Slick Water
The Devil is in the Details
Slick Water is a true-life noir filled with corruption, incompetence, and, ultimately, courage. It is a deeply informative, disturbing, and important book.
Slick Water Excerpt
In 1982 Ernst drove west in a white Toyota two-wheel-drive truck to find work. Alberta didn't need any bug experts at the time, but the oil patch wanted land agents to do seismic work. Ernst signed on as a field supervisor and permit agent for Summit Land Consultants. In short order, she learned how to broker a deal with angry landowners when oil and gas companies doing seismic work destroyed fences, killed livestock, or sullied water wells. The point, she says, was to be honest and keep your word. On one job a rig hand, fresh out of jail, punched her in the mouth. Ernst was undaunted. In 1987 she and her new husband, Sean, started their own land agent business: O'Neill and Ernst Permitting.

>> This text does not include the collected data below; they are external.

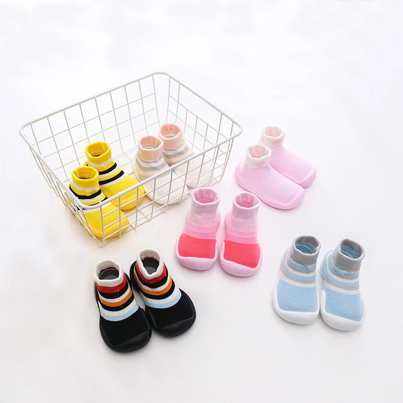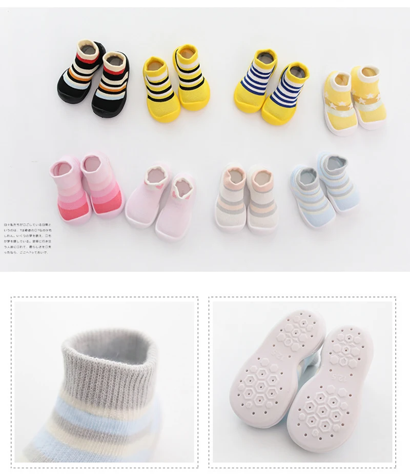 This is innovative and unique footwear for children. Light as a sock and more supportive than a moccasin.Use breathable materials and the wide model allows the toes to move freely. These non-slip shoes with silicone insole supports ergonomic baby's feet and is perfect for the first step and forward. It can be used both indoor and outdoor. The shoes design is based on kinetic and physio dynamic tests performed on young children's walking patterns. This shoes is produced without the use of harmful substances. Pull-on style.Perforated, breathable soles. Non-slip and waterproof non-marking soles. Extra soft insoles. Flexible. Give your little one the comfort of socks with the durability of shoes for indoor playtime on cold floors. Color: pink/black/Blue/Yellow Material: Cotton Feature : Breathable /Non-slip Inner length/Size: 11.5cm(20-21) /12.5cm(22-23) /13.5cm( 23~24) /14.5cm(24-25) /15.5cm(26-27) Recommended age:5-8M /9-13M /14-20M /21-28M /29-35M Suitable for use from 6 months to 3years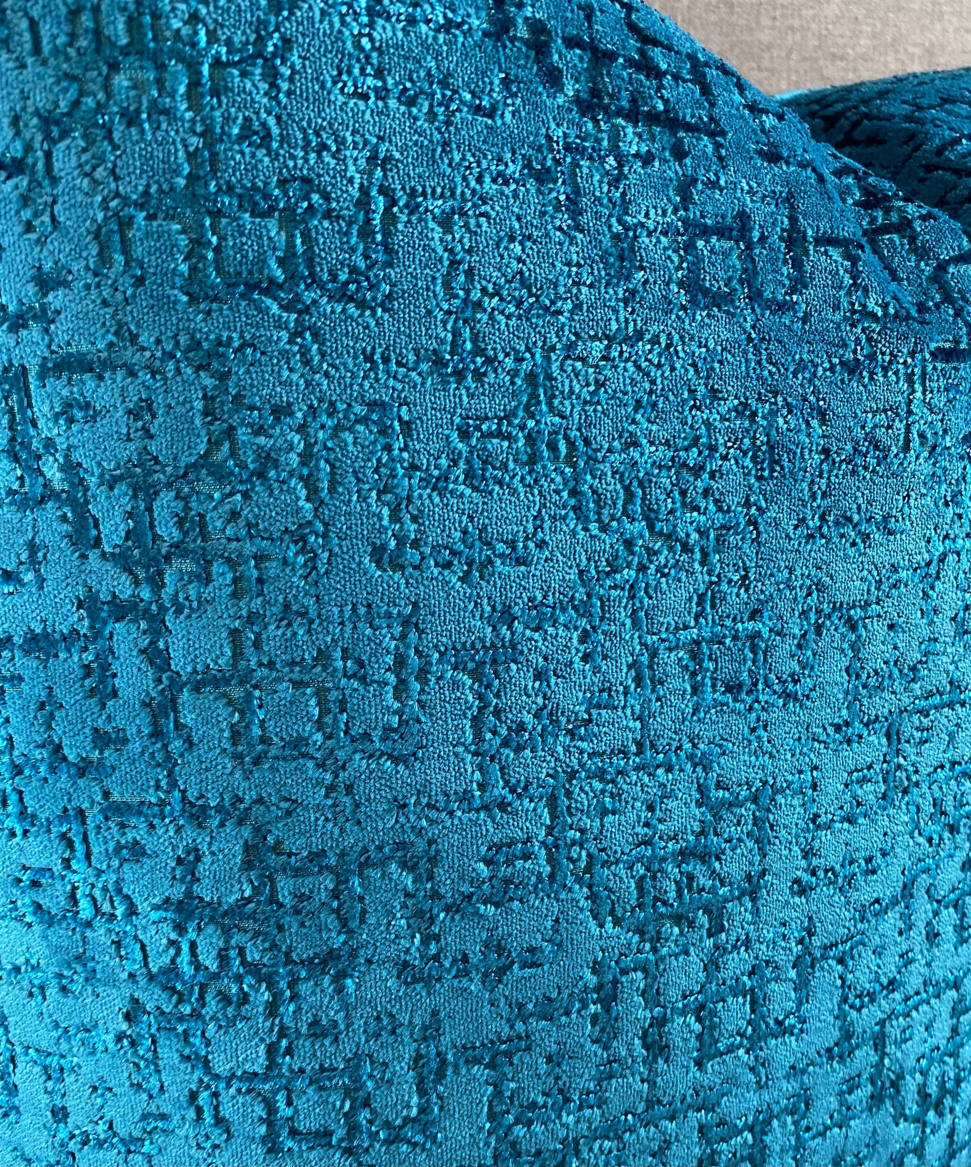 This pillow is 24" x 24" when measured flat with no filling. With filling it is 6" deep. It contains feather and down filling and is made in America. Deep chenille in dark emerald with black hashing.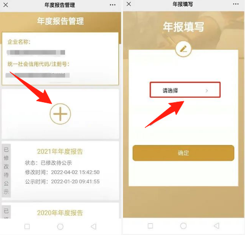 4、进入“年度报告管理”页面,可以查看历年“已公示”或“已修改待公示”年报。点击“+”新增年报填写,选择相应年度,阅读并勾选“填写须知”,点击【确定】按钮进入申报界面。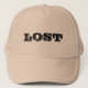 Um chapéu de caminhoneiro de cor khaki que diz "PERDIDO" na frente. Você também pode design suas próprias fotografias, obras de arte, palavras e gráficos para criar um único chapéu de caminhoneiro americano! Há uma variedade de cores diferentes disponíveis para você escolher.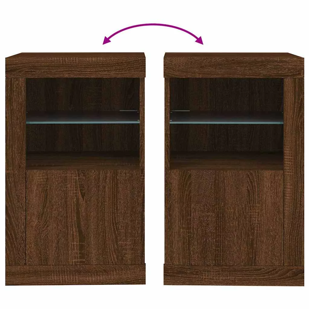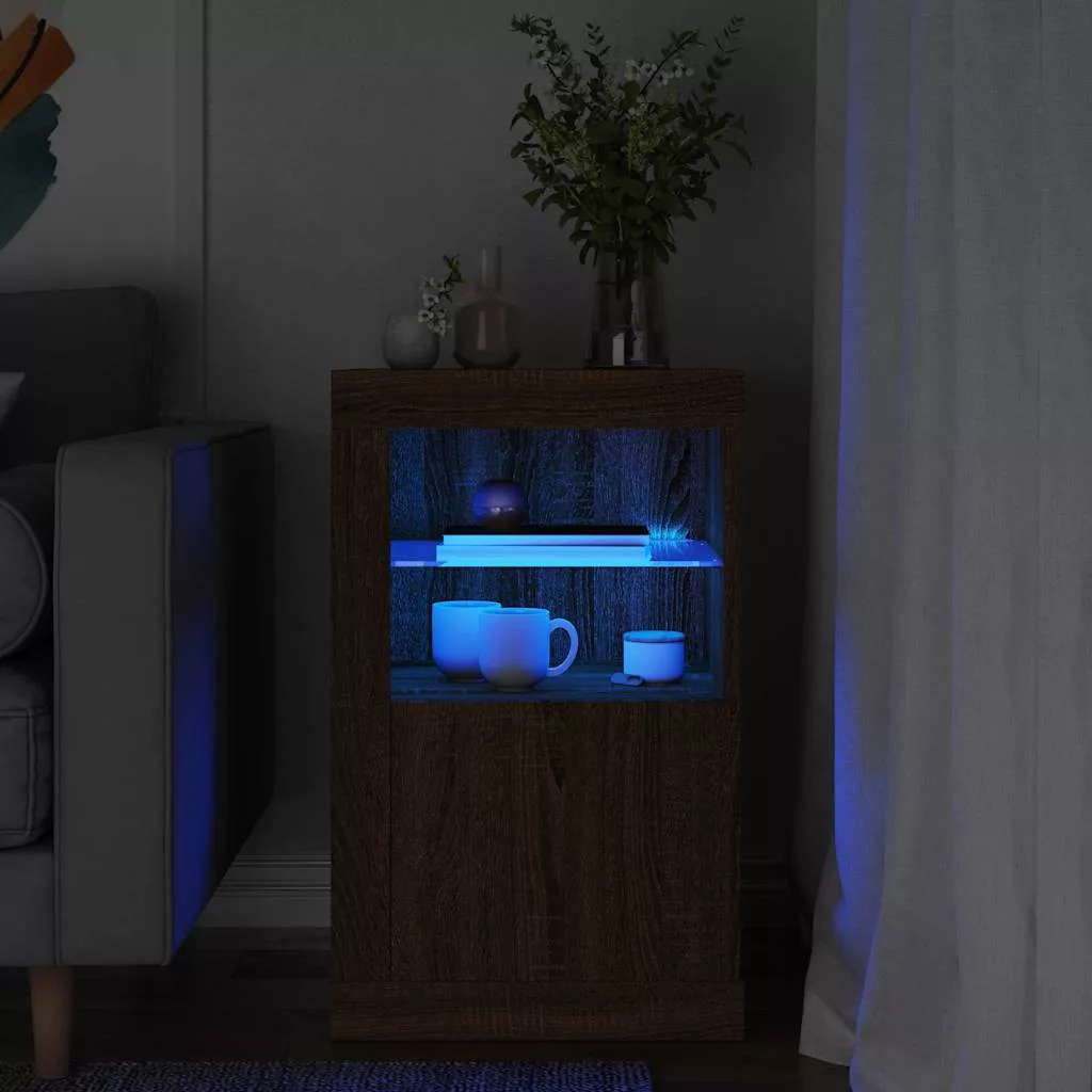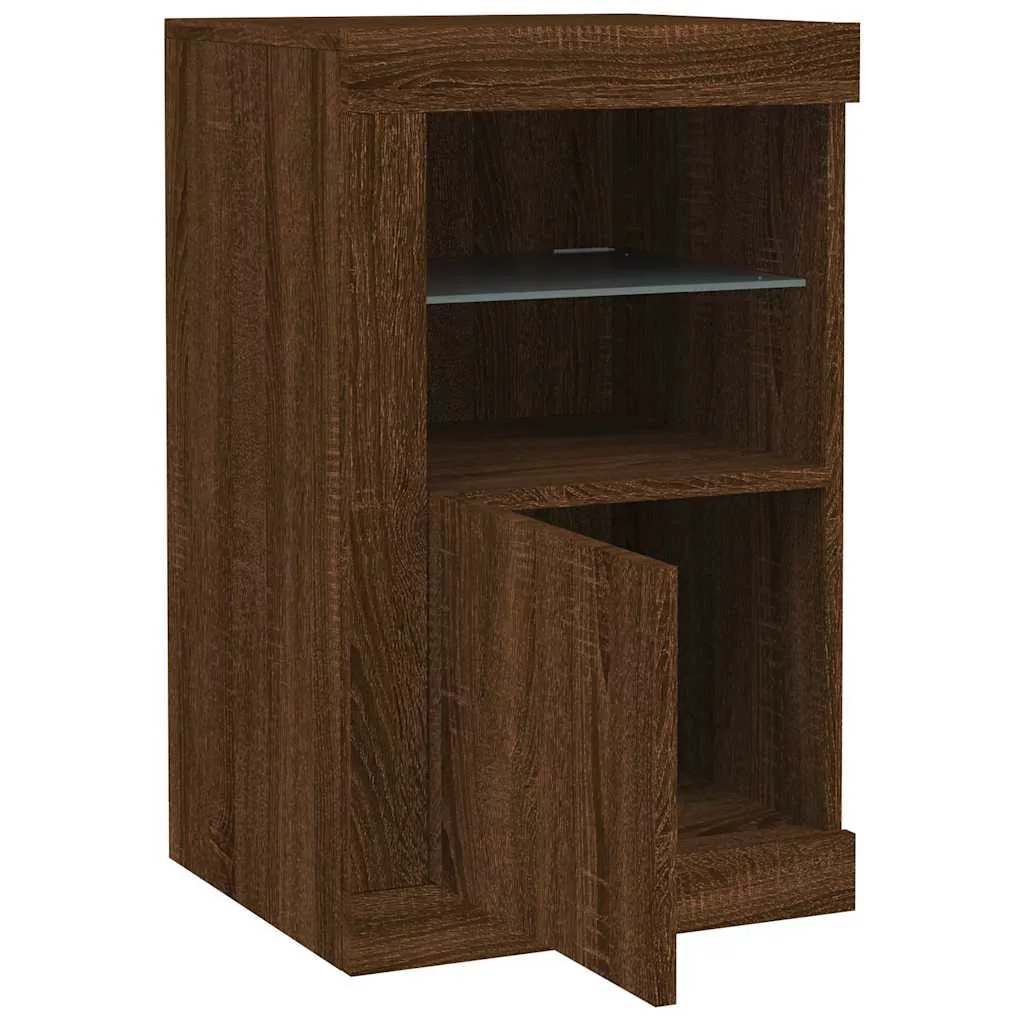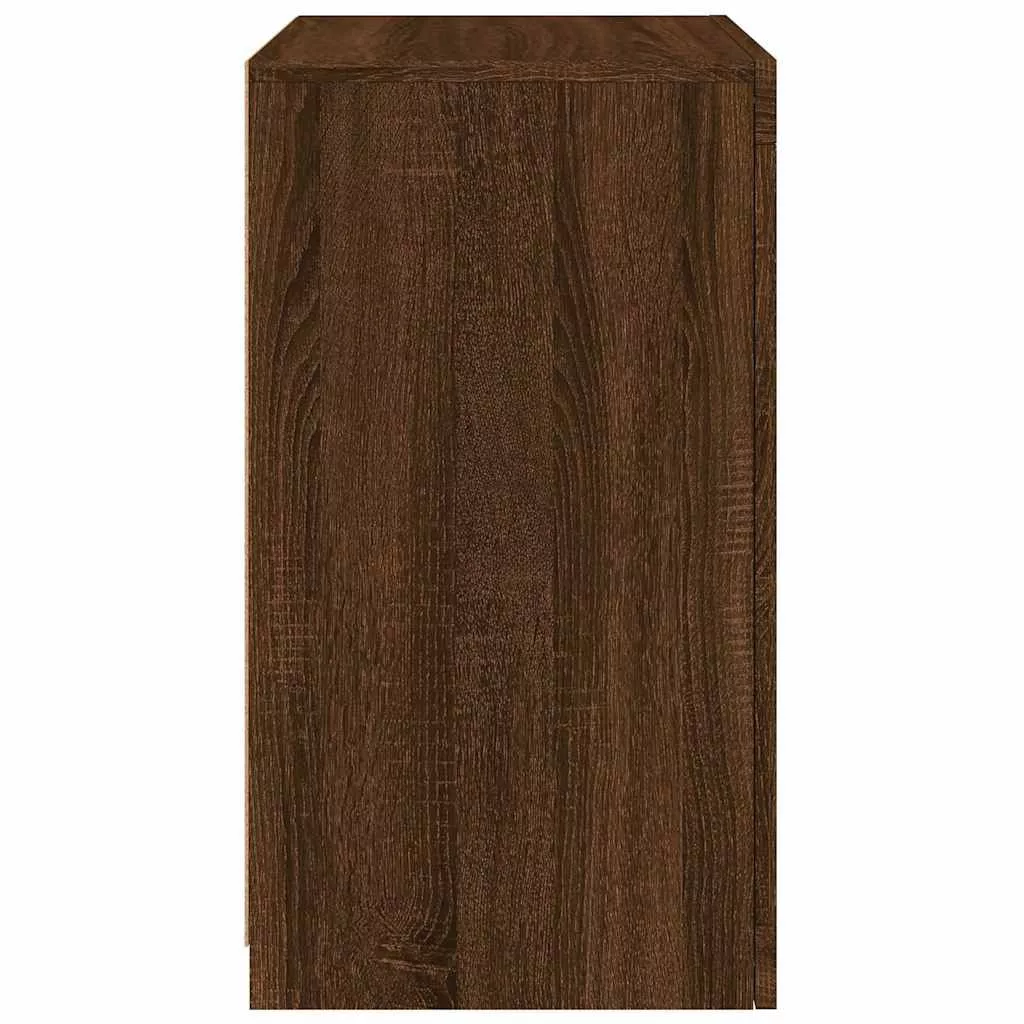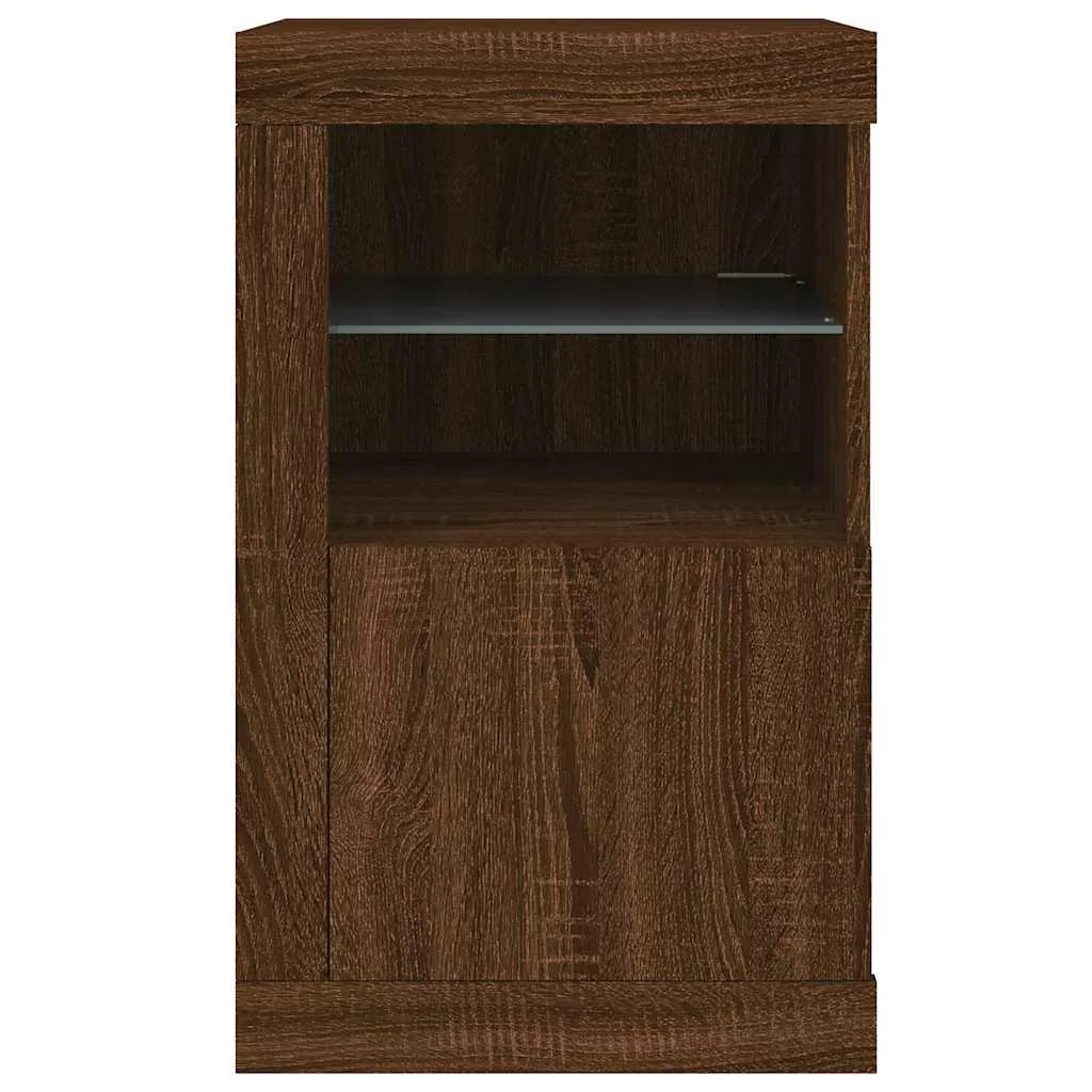 barna tölgy színű szerelt fa tálalószekrény LED-világítással

The business flourished, but the marriage failed, and in 1994 Ernst started her own firm, Ernst Environmental Services. She specialized in assessing the impacts of pipelines and wells on fish, valleys, rivers, and archaeology sites. One of her jobs was to restore to wilderness a road that had been built by Imperial Oil to a now-abandoned well site. She eventually reseeded parts of it by hand. Through her dealings with trappers, First Nations, rural communities, and bureaucrats at the National Energy Board, she established a reputation for getting pipeline applications done on time.
Oil and gas companies made a lot of mistakes in those days, and Ernst dutifully cleaned up many of them. She made sure that roads and fences were repaired, that land was reclaimed, that livestock was replaced, and that landowners were properly paid for their leases. When Ernst started in the business, she recalls, companies such as PanCanadian, a regular client, readily admitted to their errors and hired people to set things right with landowners. "Now," she says, "the industry is in total denial about everything."
Denial takes many forms, as Ernst knows all too well. She collects art, or at least she did. She has twenty pieces by Marianna Gartner, a great contemporary painter. All are slated to be sold to fund the lawsuit. Gartner, born in Winnipeg, takes old photos and uses them to create otherworldly portraits of "disturbing ordinariness."
Some of her recent paintings display skeletal remains and organic matter together. For Ernst, the skeletons "remind us how empty our bodies really are, and what is important is our spirit." A painting called Skull Girl covers most of Ernst's living-room wall. It shows a young girl in a white dress skipping a rope on the lone prairie. A human skull covers the girl's face. Ernst bought the painting the same year Encana fracked local aquifers. She believes that in Skull Girl, Gartner unwittingly captured the state of Ernst herself as a nine-year-old. Ernst says that's the year she died inside.